Okay, so my solution is impractical – there are several hundred thousand of the trap devices generating the field – hard to put a dent in that with any reasonable estimate for explosives the ship is carrying. I feel like we’ve done this before…. Their first thought is phasers, though, which I feel good about having skipped over – directed coherent energy bursts have to be a lot less useful than explosive energy bound up in matter. The sudden loss of energy shuts down Geordi’s pillow talk session with the engineer smarter than he is, and Geordi has to get special permission to recreate the simulation.
Yeah, I was right, they’ve done this before, but the same class of solution appears not to be practicable this time, unless something linked in directly to the comptuer can make all the adjustments. Fortunately, they have an avatar of a propulsion expert directly linked to the computer. The way Geordi presents this option to Picard, though, is in tones that might as well be “well, we can save your life, but you have to bathe in raw sewage.” It feels like there’s some deep cultural taboo against more automation than is strictly necessary. I’m going to go with this, because it helps explain how Pulaski was so amazingly bigoted and not kicked off the ship.
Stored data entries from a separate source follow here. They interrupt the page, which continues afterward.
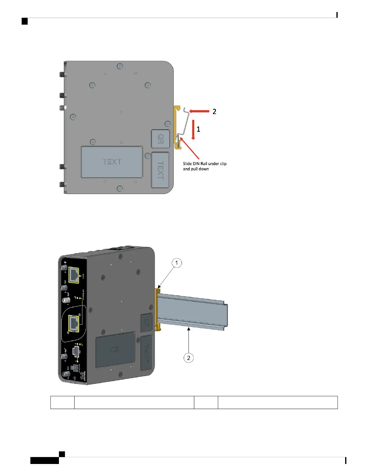 Step 2 Push up on the AP so that the spring of the DIN clip compresses against the lower section of DIN rail, and then rotate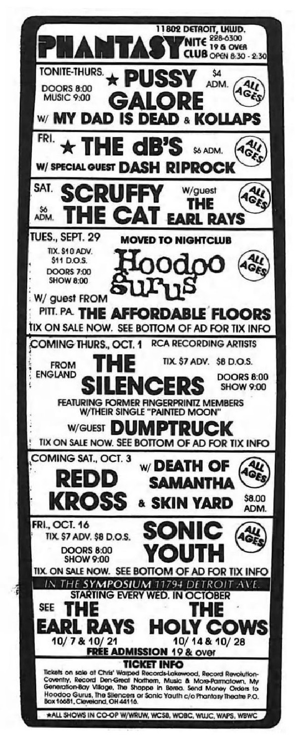 Pussy Galore show at Phantasy Niteclub, 11802 Detroit Avenue, Lakewood, OH, US with My Dad Is Dead and Kollaps on 24 September 1987.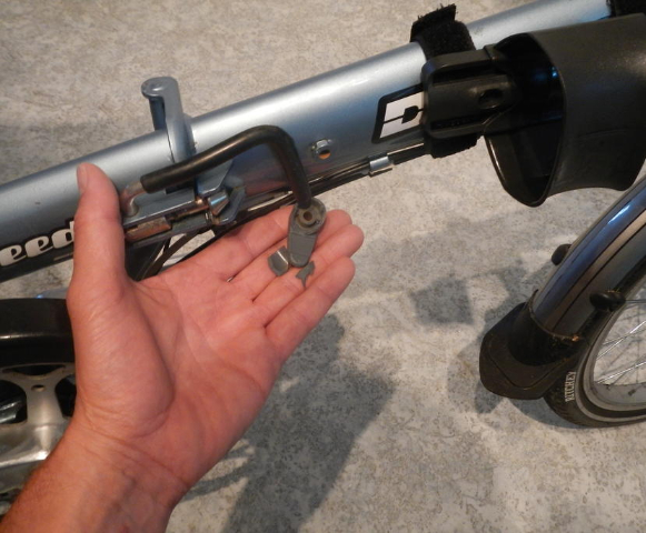 Dann habe ich noch den Sicherungsknubbel vom Rahmengelenk verloren. Die Schraube hat sich unbemerkt gelockert, und bei einem Schlagloch ist er dann ganz abgefallen. Ich konnte ihn leider erst aufsammeln, nachdem der nachfolgende Verkehr drübergefahren ist. D.h., das Ding ist kaputt.

The deflectors go down before the simulation runs complete, and they have to make a decision. Geordi figures out the solution – create inertia and then use minimum power rather than maximum to reduce the amount of radiation they’ll receive in flight. Apaprently, the odds are exactly the same as using the computer, but the ‘human factor’ is more important. Apparently, the ‘will to stay alive’ counts in these circumstances, and as such, Picard is going to take the helm rather than Geordi, who ran the simulations, or Wesley, who’s had more practice on the helm lately. And although we know this is going to work because it’s that late in the episode, this is very, very dumb. This could have been a lesson about overcoming the fear of computers, of letting the right person do critical jobs, or any number of things. Instead, it’s a lesson about how the Captain is better at any job than anyone. Since I know this is going to get play by the time we get to Voyager, I’m starting a new counter.
Also, the helm controls are not at all intuitive by 21st century standards. Picard presses the left button, the port thrusters fire, and the ship moves starboard. I’m sure it’s intuitive when you train in that mode, but it makes me wonder when they stopped laying out consoles such that you press the button for the direction you want to go.
Rather than doing an outside-in phaser sweep to disable the devices and tow the ancient ship back to spacedock, or deploy a warning beacon until dedicated sappers can deal with the trap more safely, they just blow up the ship. Geordi gets his kiss, and nobody learns anything useful.